A Burnaby resident is initiating a proposed class-action lawsuit against the provincial and federal governments regarding their management of Aboriginal land claims. J.R. Rampee Grewal is concerned that a recent ruling by the B.C. Supreme Court, which granted the Cowichan Tribes Aboriginal title to lands in Richmond, could create uncertainty for private landowners across British Columbia. The ruling is currently under appeal by the provincial government, the federal government, the City of Richmond, and the Musqueam and Tsawwassen First Nations.
Grewal, who owns a home in Burnaby and operates a hazardous waste removal business, stated, "Sooner or later, it’s going to affect everybody." The proposed class-action suit, filed this month in B.C. Supreme Court, seeks damages for the impact of the Aboriginal land claims on the province's land ownership system and property values.

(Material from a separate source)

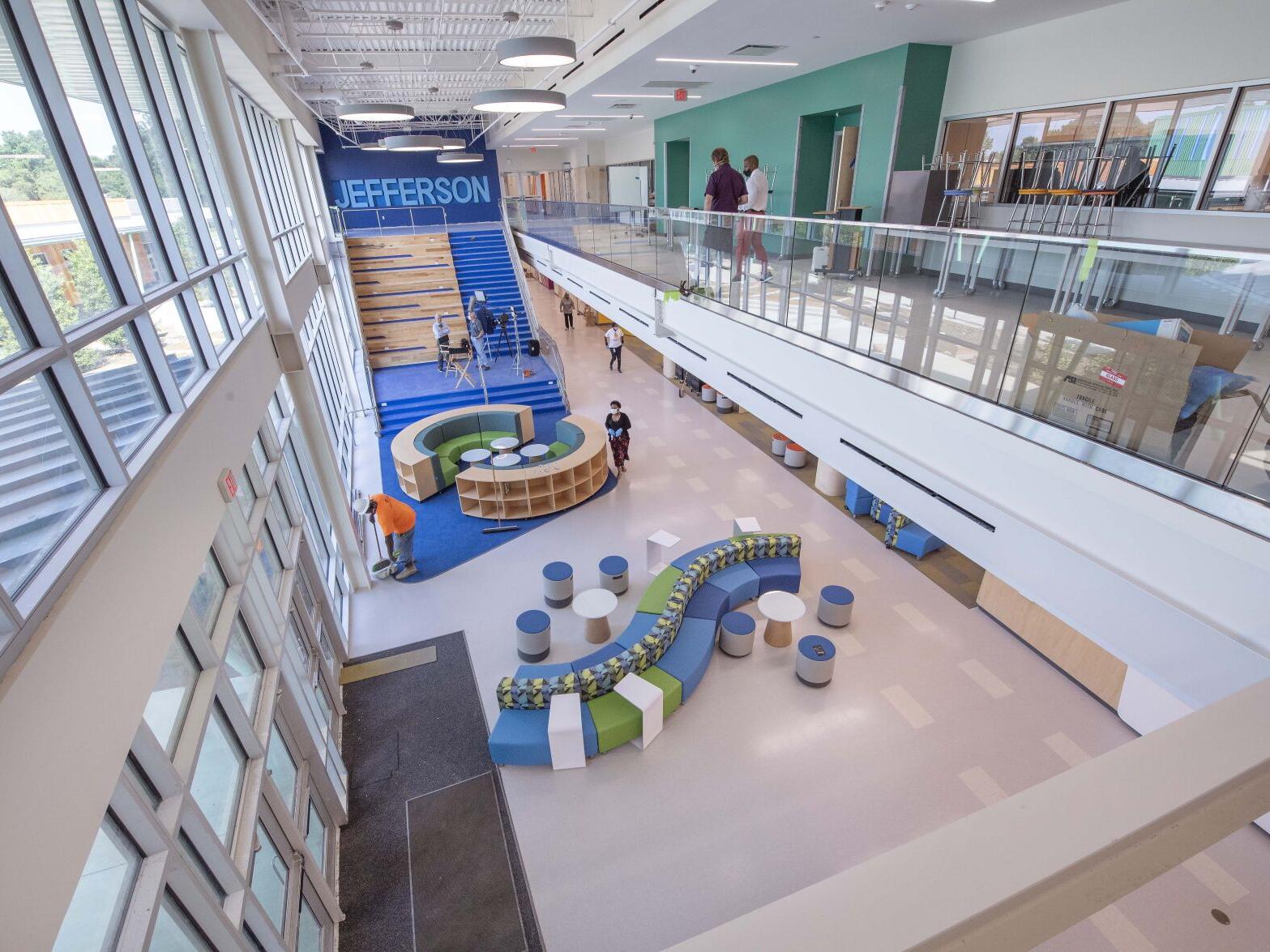 The common area at Jefferson Terrace Academy the new K-8 school replacing nearby Jefferson Terrace Elementary Tuesday August 4 2020 in Baton Rouge La. Jefferson Terrace Academy is located at 5601 Upton Dr in Baton Rouge Louisiana 70809. 9512 Brookline Avenue Baton Rouge Louisiana 70809.

The Cowichan ruling determined that Aboriginal title and fee-simple title can coexist. Justice Barbara Young noted that while the Cowichan Tribes are not currently pursuing exclusive rights to privately owned lands, they may choose to do so in the future through negotiations or legal actions. The Cowichan and other First Nations have expressed that the messaging from B.C. and Richmond regarding the ruling has caused unnecessary fears among landowners.
The lawsuit is filed on behalf of Grewal and a potential Richmond resident identified as John Doe. It aims to include all British Columbians who have experienced economic or mental distress after the Cowichan ruling, particularly those who attempted to refinance, sell, or utilize equity in their properties. The suit alleges that the defendants have long been aware of the risks to land security due to unresolved Indigenous claims but continued to assure the public that titles registered under the Land Title Act were safe and marketable.
The proposed class-action claims that by maintaining these assurances and collecting taxes based on inflated property values, the defendants caused economic and psychological harm to the plaintiffs and class members. The lawsuit seeks general damages for loss of property value and mental distress, as well as special damages for lost investment opportunities. It also calls for reimbursement of taxes and fees collected under allegedly misrepresented conditions, punitive damages, and a declaration that the conduct of B.C. and Canada was unlawful.
Neither the provincial nor federal governments have yet responded in court. The B.C. Ministry of Attorney General acknowledged awareness of the lawsuit but stated they had not been formally notified. In a written statement, ministry officials emphasized that land titles across B.C. remain valid and noted that the Cowichan claim pertains to a specific area encompassing about 150 properties in Richmond. They asserted, "Our legal team is using the strongest legal arguments available to protect the rights of private property landowners in the Cowichan case. We believe fee-simple property rights in B.C. must be protected."
John McGreevy, one of the lawyers involved in the proposed class-action suit, indicated that it is too early to comment on the legal action. Class-action lawsuits must be approved by the court and must meet specific criteria, including having a valid legal claim and a representative plaintiff.
In the Cowichan case, the First Nation was awarded title to approximately half of the 7.5 square kilometers it claimed, which includes land owned by the City of Richmond and federal Vancouver-Fraser port lands, as well as residential, agricultural, and commercial properties. The ruling did not seek to displace private landowners or invalidate their titles but found that ownership of the city and federal lands was "defective and invalid," ordering the province to negotiate a settlement with the Cowichan. The court acknowledged that the declaration of Aboriginal title could create uncertainty for fee-simple titleholders and may have implications for their interests in the land.